(Material for the task Opens)

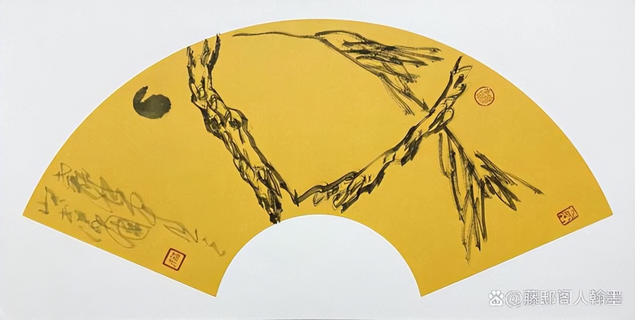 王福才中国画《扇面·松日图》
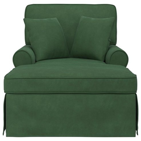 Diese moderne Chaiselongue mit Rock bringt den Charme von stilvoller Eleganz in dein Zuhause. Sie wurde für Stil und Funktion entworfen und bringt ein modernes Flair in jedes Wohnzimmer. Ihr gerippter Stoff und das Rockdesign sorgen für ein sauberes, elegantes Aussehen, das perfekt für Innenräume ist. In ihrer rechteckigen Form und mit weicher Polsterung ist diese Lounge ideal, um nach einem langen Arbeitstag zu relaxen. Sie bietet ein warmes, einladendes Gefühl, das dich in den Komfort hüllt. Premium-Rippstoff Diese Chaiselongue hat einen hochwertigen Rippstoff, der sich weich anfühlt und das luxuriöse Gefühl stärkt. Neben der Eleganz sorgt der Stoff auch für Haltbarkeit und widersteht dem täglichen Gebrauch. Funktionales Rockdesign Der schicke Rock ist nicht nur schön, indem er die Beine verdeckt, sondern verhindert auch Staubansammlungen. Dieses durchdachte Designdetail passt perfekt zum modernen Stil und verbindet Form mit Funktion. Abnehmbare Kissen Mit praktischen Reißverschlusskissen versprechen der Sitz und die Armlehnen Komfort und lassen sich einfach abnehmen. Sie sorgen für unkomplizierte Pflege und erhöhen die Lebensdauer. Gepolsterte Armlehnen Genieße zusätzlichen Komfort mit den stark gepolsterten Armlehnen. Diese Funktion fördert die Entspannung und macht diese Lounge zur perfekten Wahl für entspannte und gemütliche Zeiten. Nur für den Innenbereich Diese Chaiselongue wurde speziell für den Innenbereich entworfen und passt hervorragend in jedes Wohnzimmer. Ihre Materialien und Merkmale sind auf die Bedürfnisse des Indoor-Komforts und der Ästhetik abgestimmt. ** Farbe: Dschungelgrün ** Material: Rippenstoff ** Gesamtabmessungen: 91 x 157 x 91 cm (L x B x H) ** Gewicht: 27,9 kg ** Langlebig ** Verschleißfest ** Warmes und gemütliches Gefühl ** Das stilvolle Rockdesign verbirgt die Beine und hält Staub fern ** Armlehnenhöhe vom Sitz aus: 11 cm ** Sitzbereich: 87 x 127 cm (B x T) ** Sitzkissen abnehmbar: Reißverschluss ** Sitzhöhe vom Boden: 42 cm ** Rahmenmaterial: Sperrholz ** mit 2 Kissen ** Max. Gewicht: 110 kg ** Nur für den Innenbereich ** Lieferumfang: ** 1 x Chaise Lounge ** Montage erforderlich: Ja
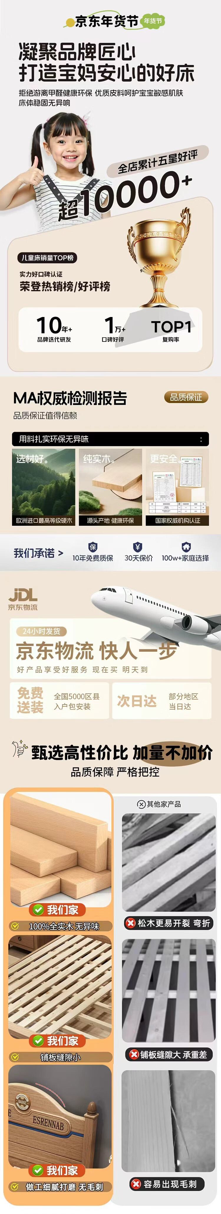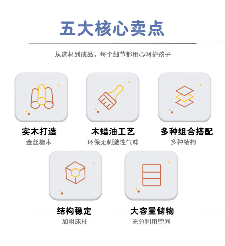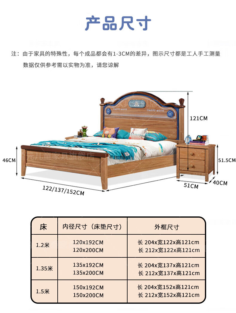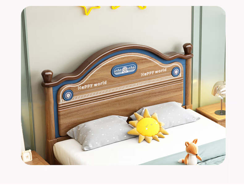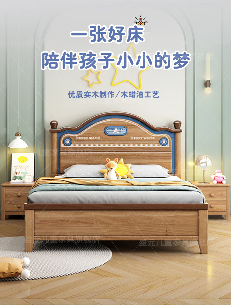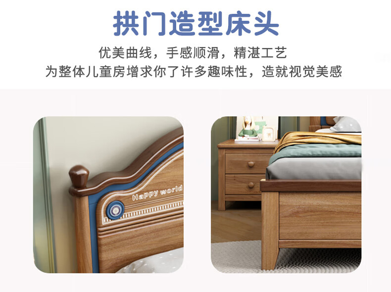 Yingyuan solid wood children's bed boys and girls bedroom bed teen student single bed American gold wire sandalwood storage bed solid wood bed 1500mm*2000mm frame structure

(Material for the task Closes)
(Material for the task Opens)

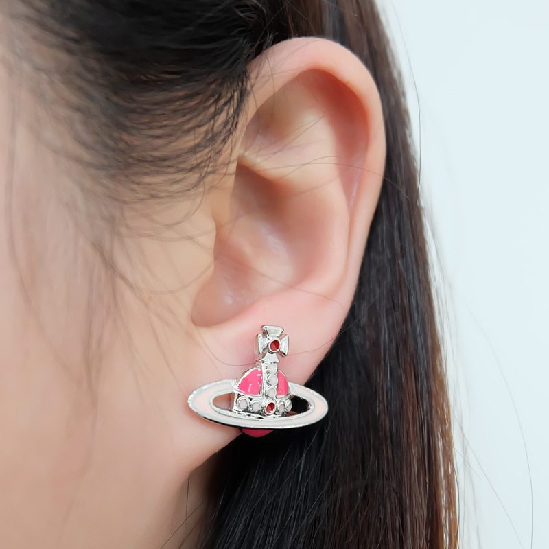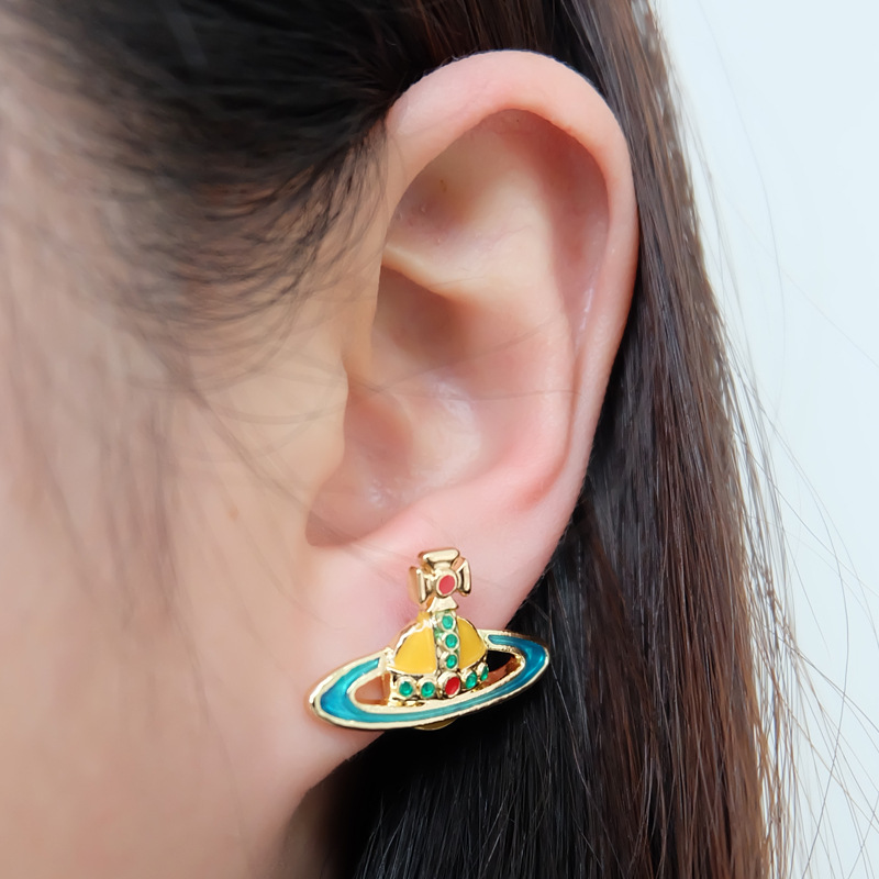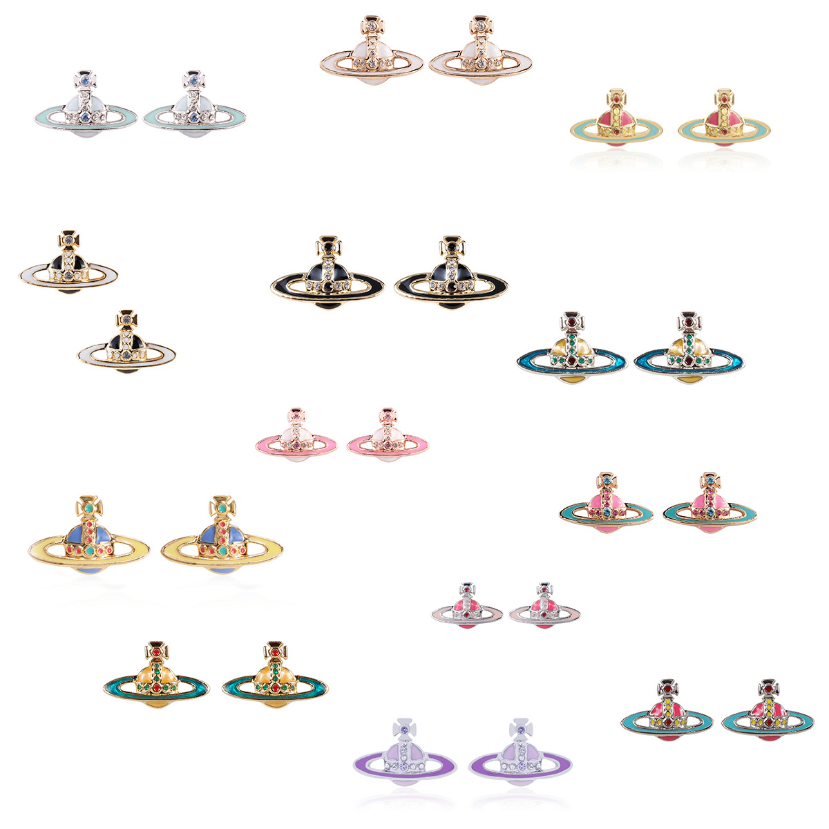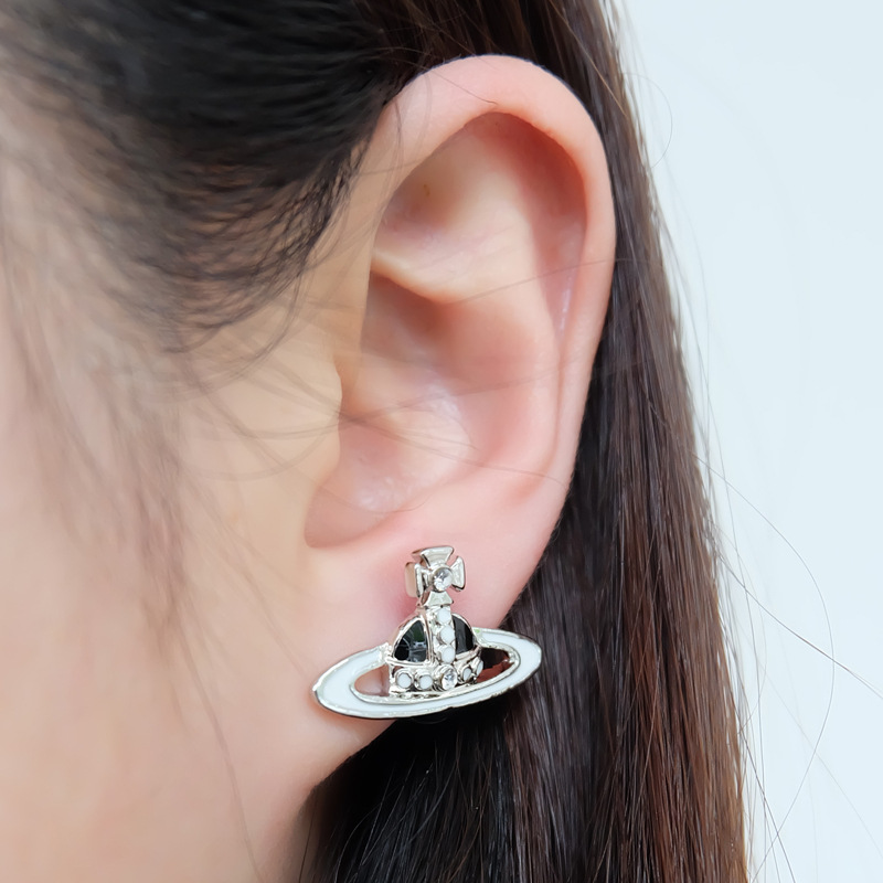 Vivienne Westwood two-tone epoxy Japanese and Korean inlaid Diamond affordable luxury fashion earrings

(Material for the task Closes)
(Material for the task Opens)

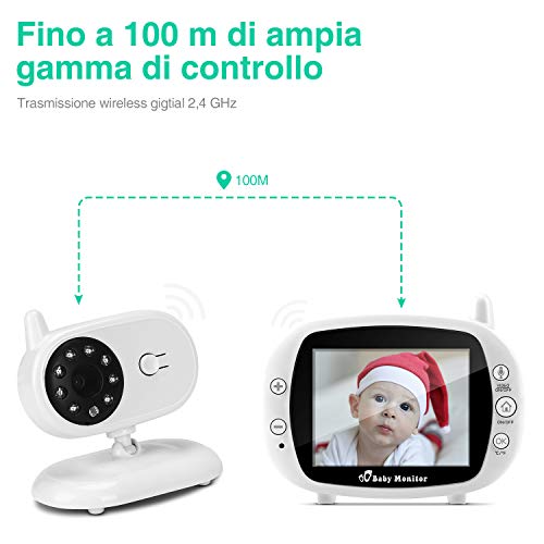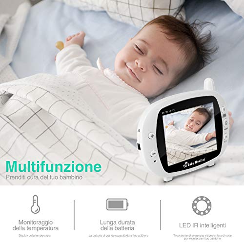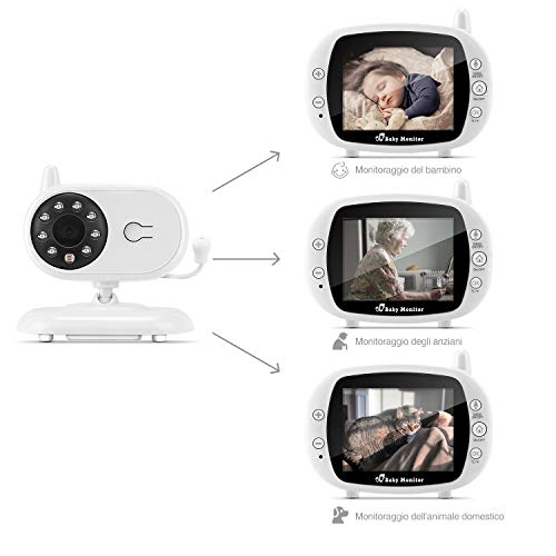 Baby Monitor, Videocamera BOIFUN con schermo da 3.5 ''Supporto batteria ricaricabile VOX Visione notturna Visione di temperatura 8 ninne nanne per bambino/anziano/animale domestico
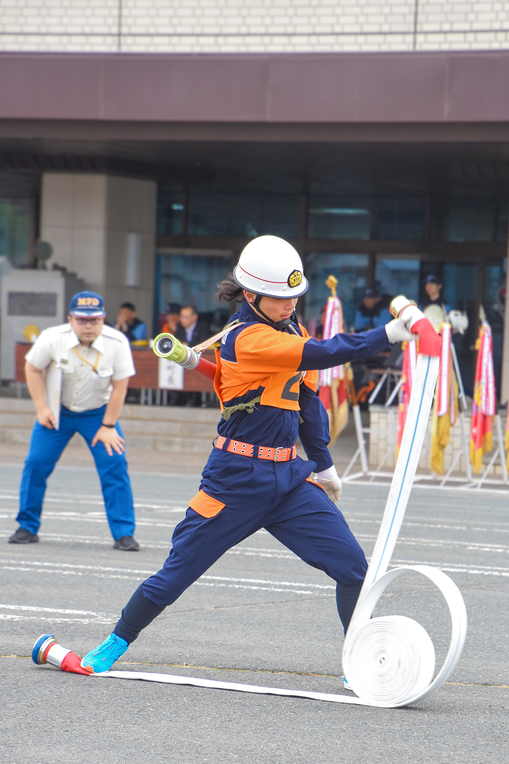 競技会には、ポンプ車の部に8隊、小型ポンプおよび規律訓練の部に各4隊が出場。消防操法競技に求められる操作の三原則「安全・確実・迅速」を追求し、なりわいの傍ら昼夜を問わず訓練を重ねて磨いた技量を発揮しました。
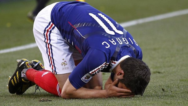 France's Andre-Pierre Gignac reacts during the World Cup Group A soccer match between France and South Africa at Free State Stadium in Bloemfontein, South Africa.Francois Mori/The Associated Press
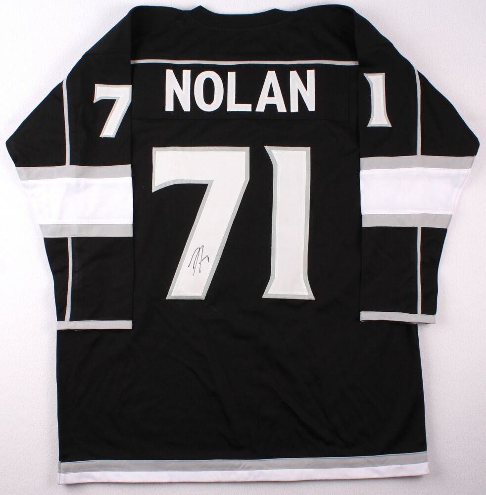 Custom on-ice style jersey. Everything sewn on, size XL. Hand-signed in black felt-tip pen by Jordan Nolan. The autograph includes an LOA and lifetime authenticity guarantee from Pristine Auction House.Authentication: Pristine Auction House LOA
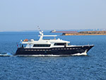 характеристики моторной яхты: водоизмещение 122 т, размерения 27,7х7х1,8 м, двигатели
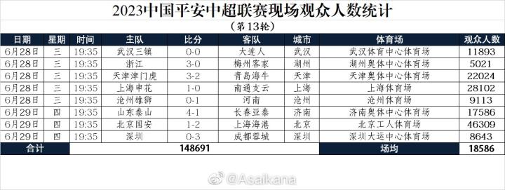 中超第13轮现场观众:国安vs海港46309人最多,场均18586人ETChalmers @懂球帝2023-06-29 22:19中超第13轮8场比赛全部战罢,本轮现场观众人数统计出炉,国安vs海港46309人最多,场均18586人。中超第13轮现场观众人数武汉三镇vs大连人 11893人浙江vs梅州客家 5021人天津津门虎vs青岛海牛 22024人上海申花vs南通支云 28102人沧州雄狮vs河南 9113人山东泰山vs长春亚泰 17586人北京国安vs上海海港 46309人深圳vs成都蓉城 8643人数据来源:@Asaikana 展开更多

(Material for the task Closes)

Exercise: Write out, word for word, the stretch of entries that begins at the line with "Custom on-ice style" and ends at the line with "характеристики моторной яхты: водоизмещение". Pictures do not belong in it.

Solution to this problem:
 Custom on-ice style jersey. Everything sewn on, size XL. Hand-signed in black felt-tip pen by Jordan Nolan. The autograph includes an LOA and lifetime authenticity guarantee from Pristine Auction House.Authentication: Pristine Auction House LOA
 характеристики моторной яхты: водоизмещение 122 т, размерения 27,7х7х1,8 м, двигатели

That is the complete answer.